The 1790s were a time when society and the arts debated the relative merits of good sense and reason as opposed to sensibility. ‘Sensibility’ was a heightened awareness of beauty and deep feelings. Jane Austen’s Sense and Sensibility was published in 1811 and was set in the same decade as this painting. We see this heightened sense of feeling takes the form of a fashionably dressed girl and her brother handing a coin to a hunched over beggar. Such emotional scenes of charity had become fashionable at this time but there might be another justification for this scene.
The artist, William Beechey, did not identify the children when he exhibited the work but they were recognised by Horace Walpole, son of the first British prime Minister, Robert Walpole. They are Francis Ford and his sister Mary, the children of Sir Francis Ford, who owned a sugar plantation in Barbados and a property in Ember Court, Thames Ditton, Surrey.
While William Wilberforce was fighting to stop the British slave trade there were many wealthy plantation owners, like Ford, who were arguing that their slaves enjoyed a better quality of life than the poor in England. It is possible therefore that he commissioned this painting not just to show the refinement and sensibility of his children but as pro-slavery propaganda, to show how his family cared for both the poor in England and his slaves in Barbados. Although not connected, Ford fell ill the year this painting was exhibited and died in 1801 after eight years of suffering from ‘a severe and painful illness’.

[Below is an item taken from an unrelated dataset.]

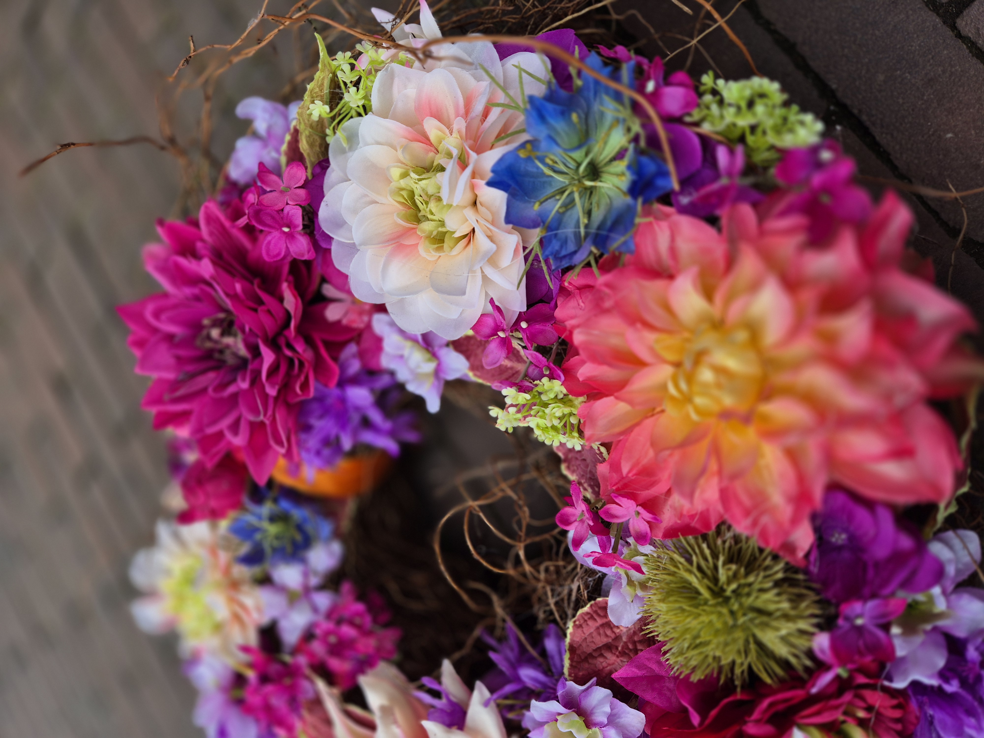 Deze krans is gemaakt van zijden en droog materialen, daardoor kun je hem gewoon ieder jaar opnieuw gebruiken 🙂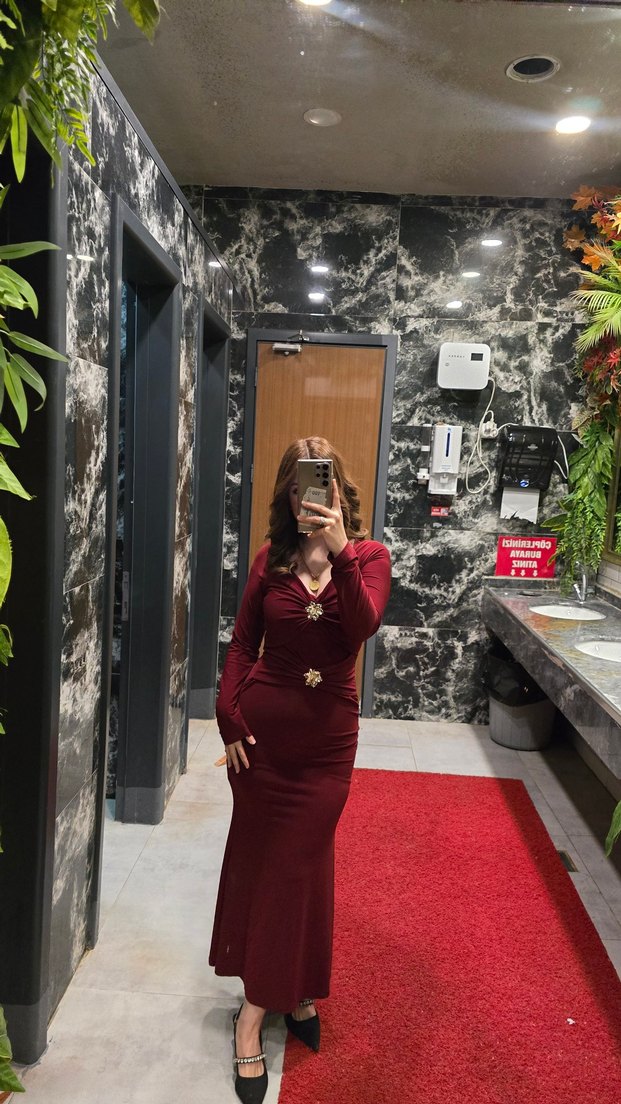 Bordo, uzun kollu ve V yakalı, drapeli tasarıma sahip ince kesim elbise. Parlak, ipeksi kumaştan yapılmış, cesur ve gösterişli stil için uygundur. Sadece bir kere giyildi.Temiz bir şekilde kargolanacaktır.

Finally, following a twenty-year campaign for abolition Parliament passed the Slave Trade Act in 1807. Many believed this would end slavery but it only slowed the trade and slavery continued for a further twenty-six years. The Royal Navy enforced the ban on the slave trade and between 1808 and 1860 they seized approximately 1,600 slave ships and freed 150,000 Africans who were aboard.
William Beechey was a sound artist known for his lack of extravagance which appealed to those like King George III, who regarded other artists, such as Thomas Lawrence, as too flamboyant and ‘eccentric’. When this painting was exhibited the well-known portrait painters Thomas Gainsborough and his rival Sir Joshua Reynolds had both died and the year was a turning point in Beechey’s life and career. He painted a full-length portrait of Queen Charlotte who appointed him her official portrait painter and he was elected an associate of the Royal Academy. He went on to paint not only the royal family but most of the famous and fashionable of the period. The up-and-coming portrait painter was Thomas Lawrence who also painted Queen Charlotte but she did not like the picture. Lawrence’s flamboyant approach appealed to many including the Prince Regent but Beechey remained the favourite of George III and Queen Charlotte while Lawrence went on to become the leading portrait artist of the period.